▶ **Task requirements**:
The line with "LX砂石洗選機(jī)系中螺" through the last line of the entries: give these again exactly, and only these, without any pictures.

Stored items
________________________________________
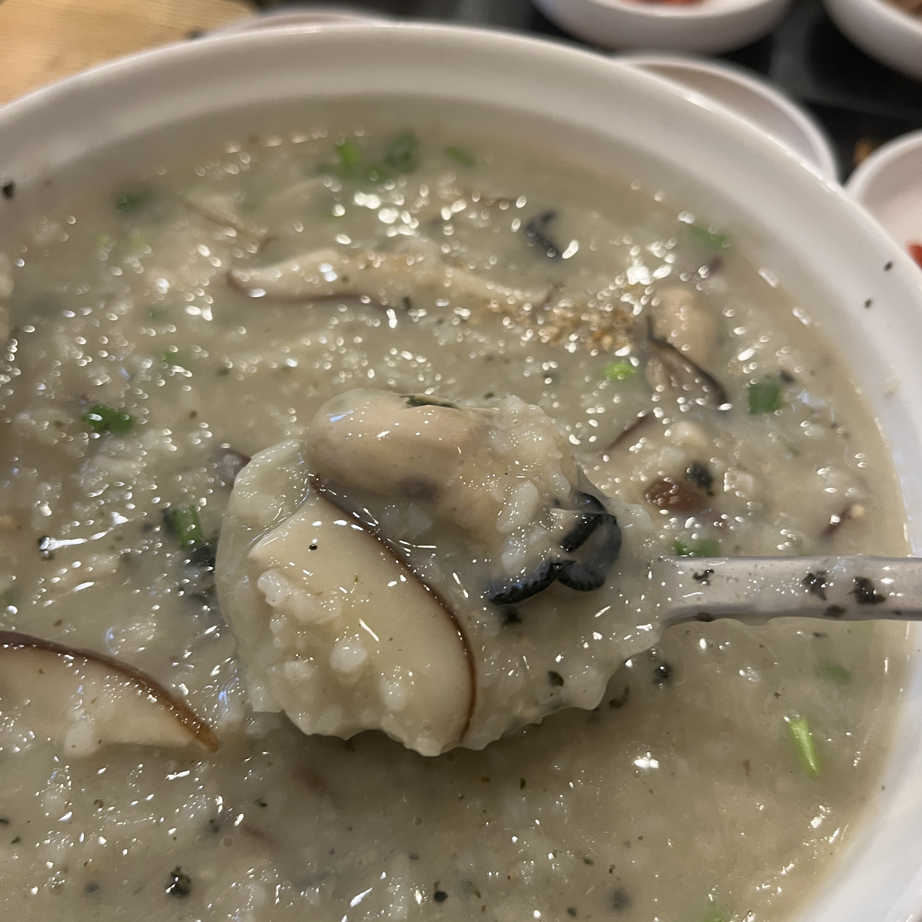 버섯은 표고버섯이 들어있었구요, 기본 쌀죽에 뭔가 육수가 첨가된 듯한 맛.. 해물육수가 첨가된 듯한 맛입니다.
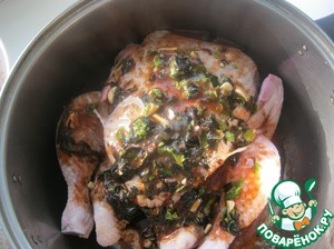 Хорошо натираем курицу и оставляем мариноваться минимум на 4 часа
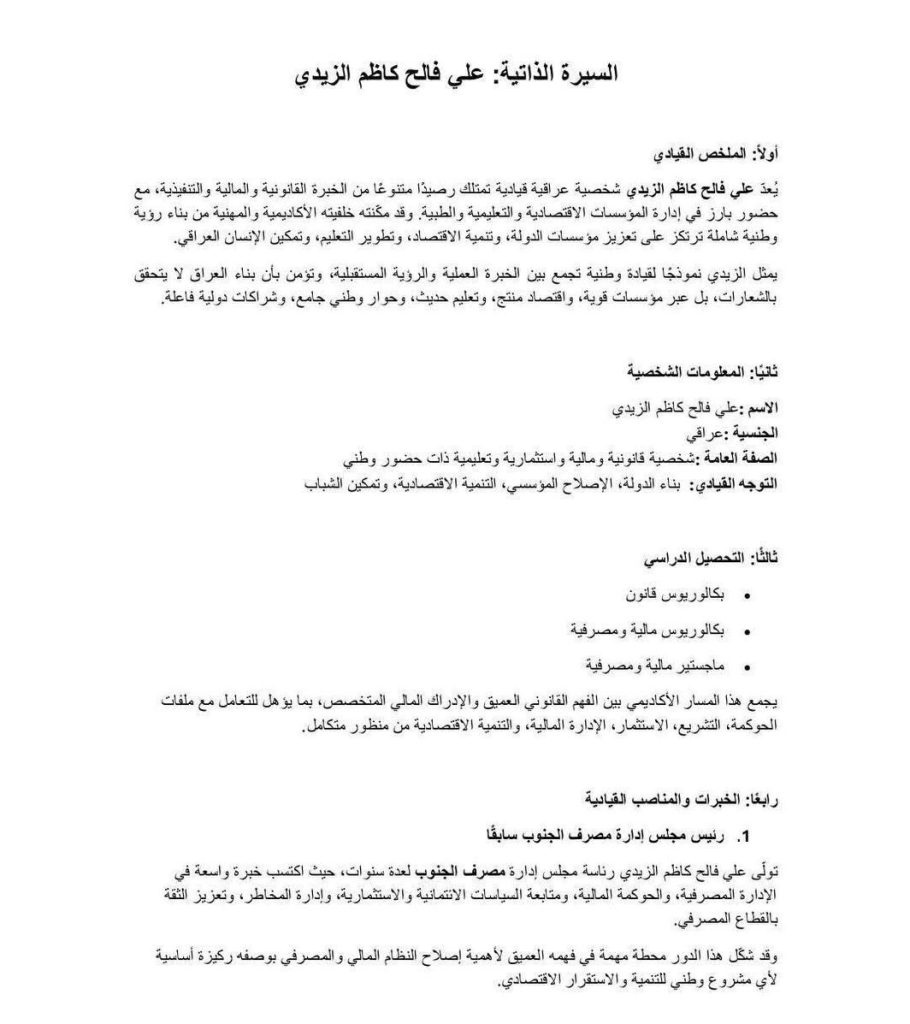 حصلت وكالة ” اخر الاخبار ” على معلومات حول السيرة الذاتية لمرشح الإطار التنسيقي لمنصب رئيس مجلس الوزراء علي الزيدي، الذي جرى اختياره اليوم الاثنين رسمياً لتشكيل الحكومة المقبلة.
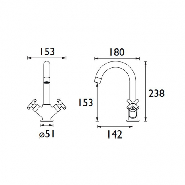 Tap Base to Spout153mm
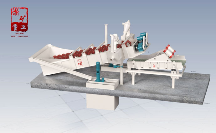 LX砂石洗選機(jī)系中螺旋洗砂機(jī)利用物料不同粒度和密度的顆粒在流體中具有不同的沉降速度的特性——粒度細(xì)、密度小的顆粒沉降速度慢;而粒度大、密度大的顆粒沉降速度快,將粉塵和雜質(zhì)與砂分離開來。并在螺旋片的均勻攪動下,達(dá)到濾水去雜、提升輸送的目的。
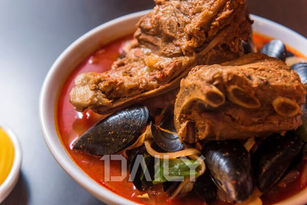 보통 짬뽕에는 해산물을 넣어 시원하게 끓여 내거나 혹은 돼지고기를 넣어 살짝 묵직하게 먹는데 이곳에서는 독특한 비주얼의 짬뽕을 만나볼 수 있다. 가게 이름처럼 큰 뼈가 통째로 들어 있는 짬뽕으로 흡사 뼈다귀 해장국 같은 느낌을 준다. 살이 많은 돼지 목뼈만 골라 각종 양념을 더해 삶은 후 뜸을 들여 사골과 민물새우를 넣고 12시간 이상 푹 끓인 육수에 함께 얹어주기 때문에 얼큰하고 진한 국물 맛과 쫄깃하면서도 부드러운 고기의 맛이 잘 어우러진다.
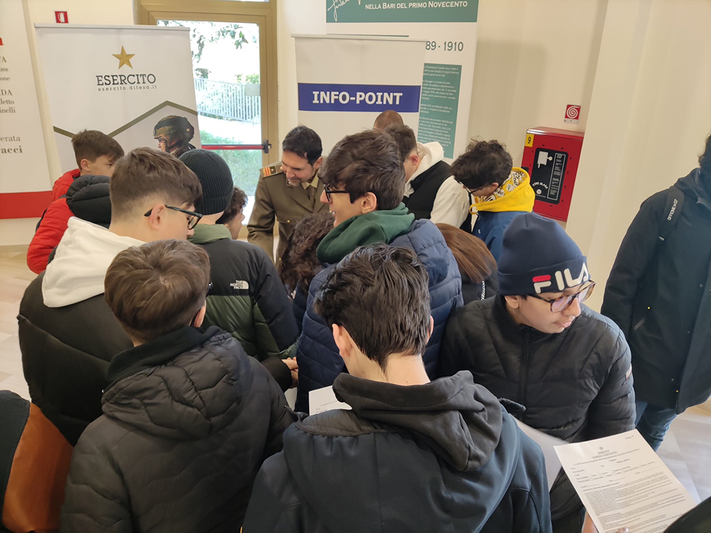 Il CME Puglia ha organizzato una lezione sulla Storia Patria, la Costituzione e il nostro Inno nazionale. Il Colonnello (originario di Tricase) Arcangelo Moro ha rimarcato l’importanza che l’Esercito riveste nel “Sistema Paese” ed esposto ai giovani il nuovo modello di reclutamento della Forza Armata
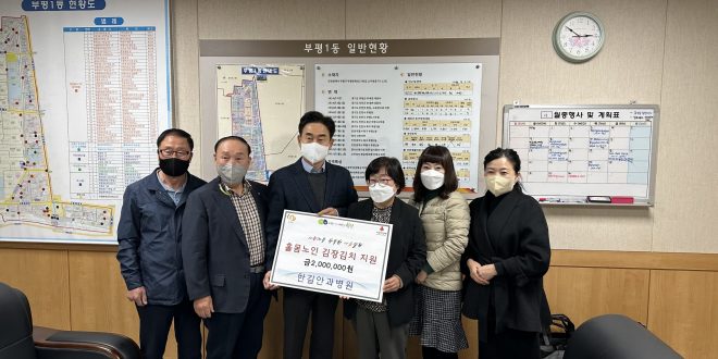 최근 3일 부평1동은 부평 한길안과로부터 지역 내 어려운 이웃을 돕기 위한 지역복지 성금 200만 원을 전달받았다.
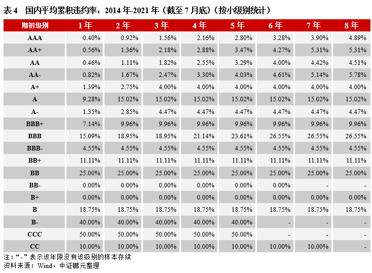 2.相比穆迪全球,我國高級別累積違約率水平整體偏高。例如AAA級,國內AAA級8年累積違約率為4.89%,穆迪全球僅為0.13%。
________________________________________
▶ **Reply**:
 LX砂石洗選機(jī)系中螺旋洗砂機(jī)利用物料不同粒度和密度的顆粒在流體中具有不同的沉降速度的特性——粒度細(xì)、密度小的顆粒沉降速度慢;而粒度大、密度大的顆粒沉降速度快,將粉塵和雜質(zhì)與砂分離開來。并在螺旋片的均勻攪動下,達(dá)到濾水去雜、提升輸送的目的。
 보통 짬뽕에는 해산물을 넣어 시원하게 끓여 내거나 혹은 돼지고기를 넣어 살짝 묵직하게 먹는데 이곳에서는 독특한 비주얼의 짬뽕을 만나볼 수 있다. 가게 이름처럼 큰 뼈가 통째로 들어 있는 짬뽕으로 흡사 뼈다귀 해장국 같은 느낌을 준다. 살이 많은 돼지 목뼈만 골라 각종 양념을 더해 삶은 후 뜸을 들여 사골과 민물새우를 넣고 12시간 이상 푹 끓인 육수에 함께 얹어주기 때문에 얼큰하고 진한 국물 맛과 쫄깃하면서도 부드러운 고기의 맛이 잘 어우러진다.
 Il CME Puglia ha organizzato una lezione sulla Storia Patria, la Costituzione e il nostro Inno nazionale. Il Colonnello (originario di Tricase) Arcangelo Moro ha rimarcato l’importanza che l’Esercito riveste nel “Sistema Paese” ed esposto ai giovani il nuovo modello di reclutamento della Forza Armata
 최근 3일 부평1동은 부평 한길안과로부터 지역 내 어려운 이웃을 돕기 위한 지역복지 성금 200만 원을 전달받았다.
 2.相比穆迪全球,我國高級別累積違約率水平整體偏高。例如AAA級,國內AAA級8年累積違約率為4.89%,穆迪全球僅為0.13%。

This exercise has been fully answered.